Pedal map (see Fig. 1) made of tube has ø 14-ø mm, one end of which is bent at an angle of 90°. In addition to ease of fabrication, adequate stiffness and lightness, these pedals have other benefits: they provide the location of the control cable coming from the pedal, on the side of the Shoe of the driver.
Accelerator pedal p of the clutch is connected to the engine by flexible wires in the shell. The brake pedal its lower part acts directly on the rod of the brake master cylinder. All three pedals have the limiters reverse. In addition, to avoid damage to the carburetor throttle has a limiter forward stroke.
The main parts of the design are painted with synthetic enamel.
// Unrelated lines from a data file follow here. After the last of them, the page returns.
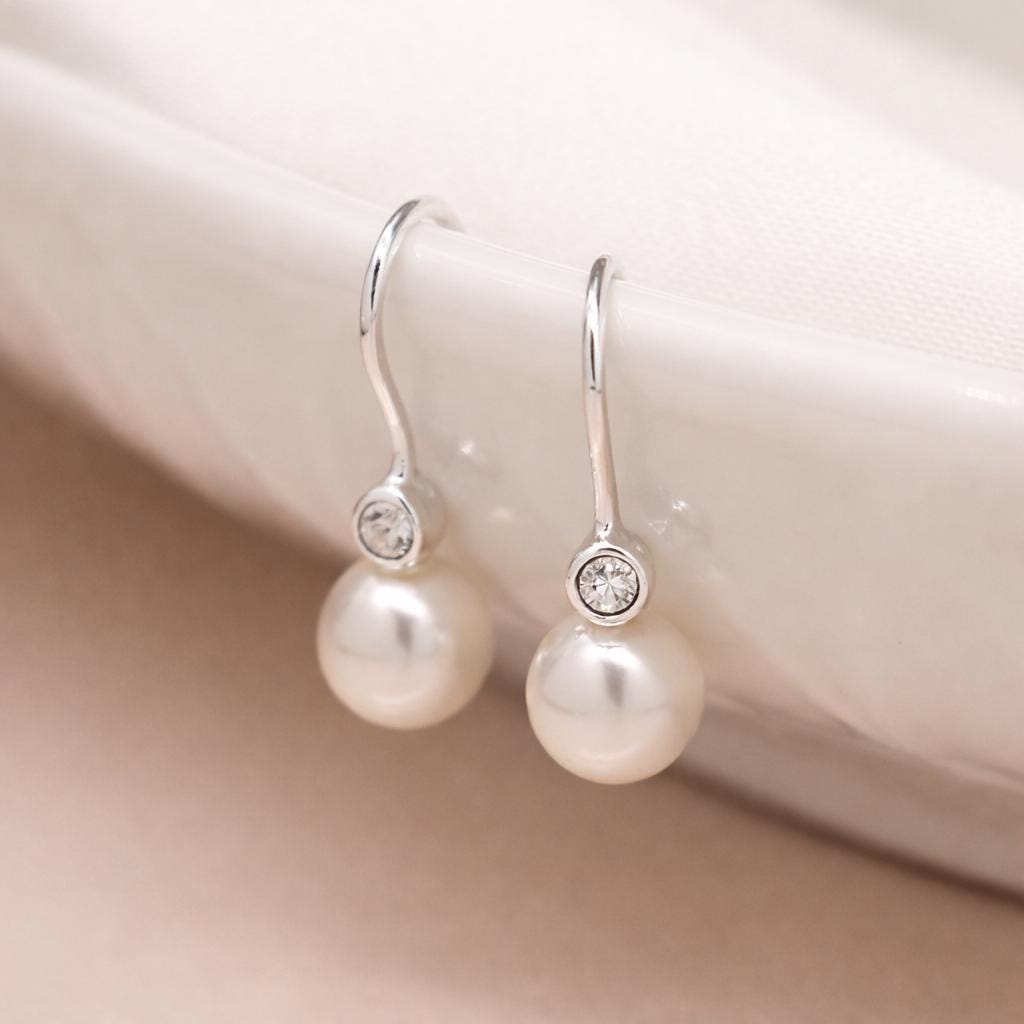 These sterling silver pearl and cubic zirconia drop earrings feature soft ivory pearls suspended from fine silver hooks, finished with a delicate clear cubic zirconia accent for a refined everyday sparkle.
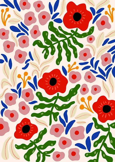 • Padrão floral colorido com flores vermelhas e folhas verdes
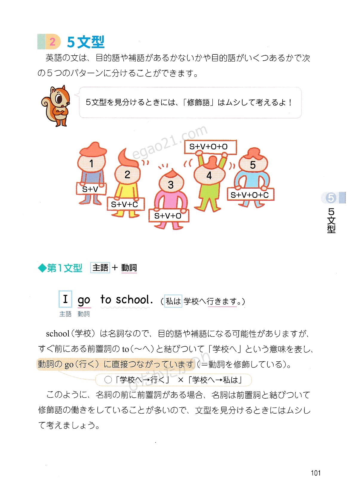 (5文型-第1文型〔SV〕、第2文型〔SVC〕、第3文型〔SVO〕、第4文型〔SVOO〕、第5文型〔SVOC〕、

Assembled the map need to adjust the ease of rotation of the wheels, the chain tension and length control cables. All threaded connections must be zaspirtovanny or locked double nuts.
The word “kart” is now difficult to surprise someone. Competition PA maps — the smallest and simplest racing cars — has firmly taken its place in sports training of youth as first step on the path to great auto racing. Although these vehicles are relatively new, they already have a history, a chronicle of design exploration and technical perfection.